Buying a foreclosure or REO property in
What's an REO?
REO's or Real Estate Owned are properties that have been foreclosed upon which the bank or mortage company now owns. This is not the same as real estate up for foreclosure auction. When buying a property during a foreclosure sale, you must pay at least the loan balance plus any interest and other fees amassed during the foreclosure process. The buyer must also be able to pay with cash in hand. And on top of all that, you'll receive the property totally as is. That possibly will consist of prevailing liens and even current residents that may require eviction.
A REO, on the other hand, is a much cleaner and attractive transaction. The REO property did not find a buyer during foreclosure auction. Now the lender owns it. The bank will handle the elimination of tax liens, evict occupants if needed and generally organize for the issuance of a title insurance policy to the buyer at closing. Do be aware that REOs may be exempt from standard disclosure requirements. In California, for example, banks do not have to give a Transfer Disclosure Statement, a document that normally requires sellers to disclose any defects of which they are informed.
Is an REO in Rancho Palos Verdes a bargain?

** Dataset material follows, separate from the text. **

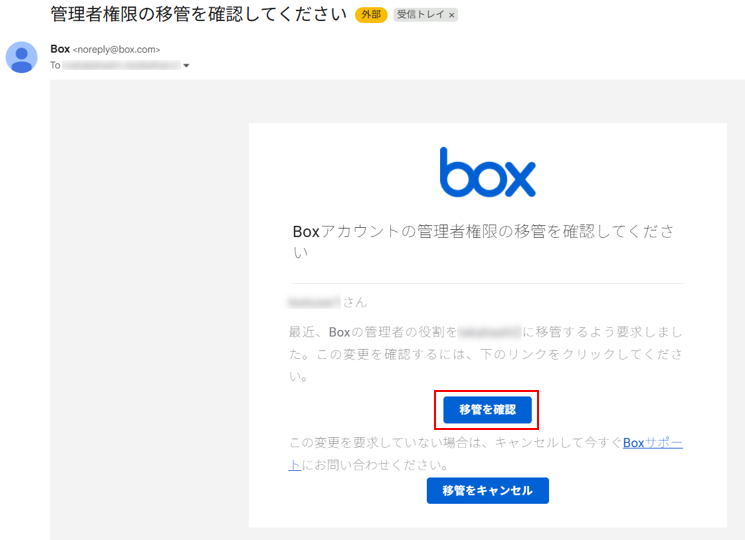 9. 既存の管理者に、変更を確認するためのメール通知が送信されますので、[移管を確認]をクリックします。
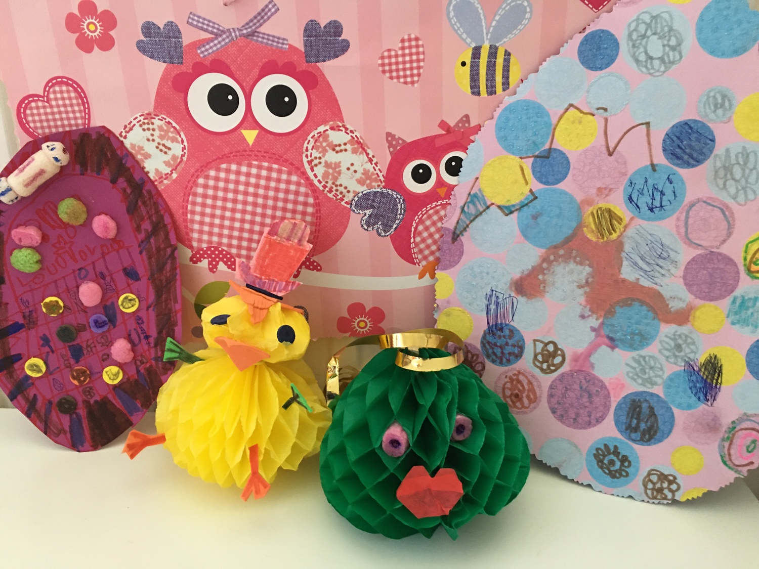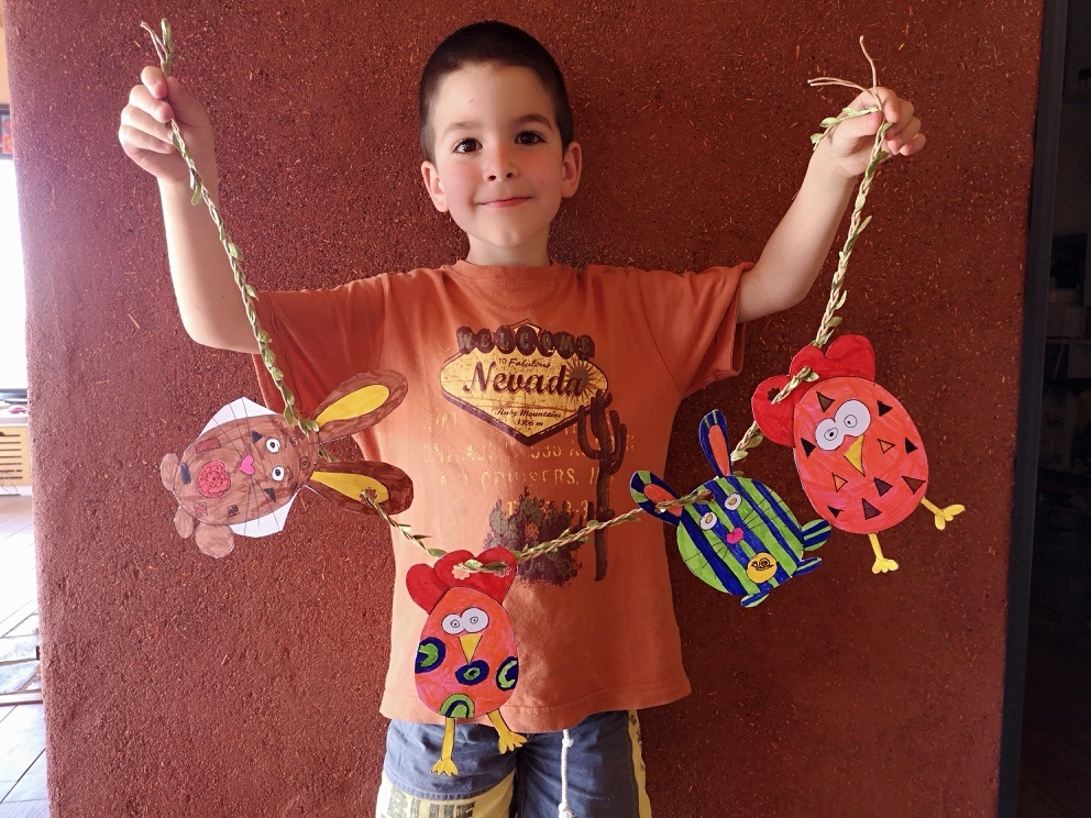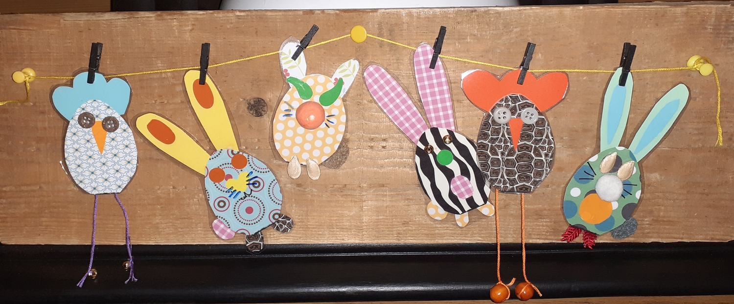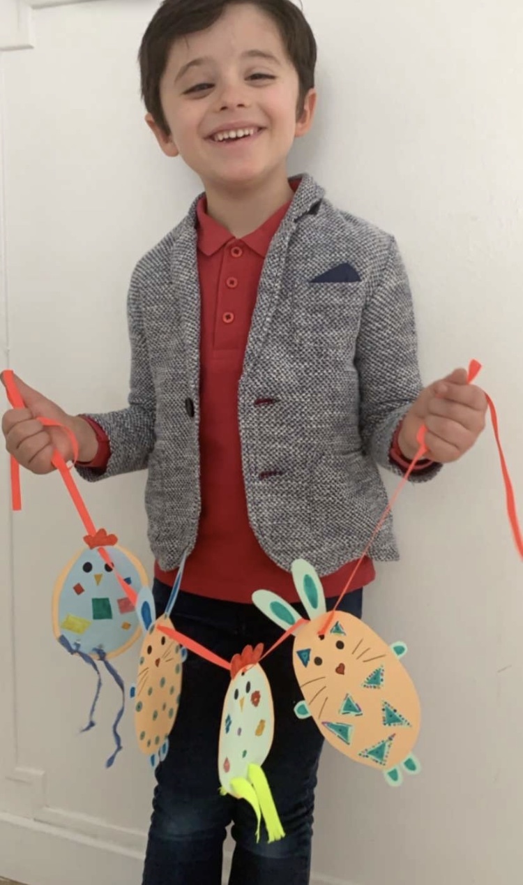 Pour le week-end de Pâques, la maîtresse nous a lancé un défi: faire un bricolage de Pâques à l’aide d’un modèle sur un site et surtout de notre imagination (toutes les idées sont bonnes!)

It is occasionally believed that any REO must be a good deal and an possibility for easy money. This isn't always true. You have to be prudent about buying a REO if your intent is profit from the sell. While it's true that the bank is usually anxious to sell it soon, they are also strongly interested to get as much as they can for it. When pondering the value of a REO, you need to look closely at comparable sales in the neighborhood and be sure to take into account the time and cost of any repairs or remodeling needed to prepare the house for resale. It is possible to find REOs with money-making potential, and many people do very well flipping foreclosures. However there are also many REO's that are not good buys and may lose money.
All set to make an offer?
Most banks have a REO department that you'll work with while buying a REO property from them. Commonly the REO department will use a listing agent to get their REO properties listed on the local MLS. Prior to making your offer, you'll want to contact either the listing agent or REO department at the bank and discover as much as you can about what they know about the condition of the property and what their process is for receiving offers. Since banks almost always sell REO properties "as is", it may be in your best interest to include an inspection contingency in your offer that gives you time to check for unseen damage and terminate the offer if you find it.
As with making any offer on real estate, providing documentation of your ability to pay may make your offer more attractive, such as a pre-approval letter from a lender. After you've submitted your offer, you can expect the bank to counter offer. At this point it will be up to you to decide whether to accept their counter, or offer a counter to the counter offer. Be aware, you'll be working with a process that generally involves several people at the bank, and they don't work evenings or weekends. It's typical for the process of offers and counter offers to take days or even weeks.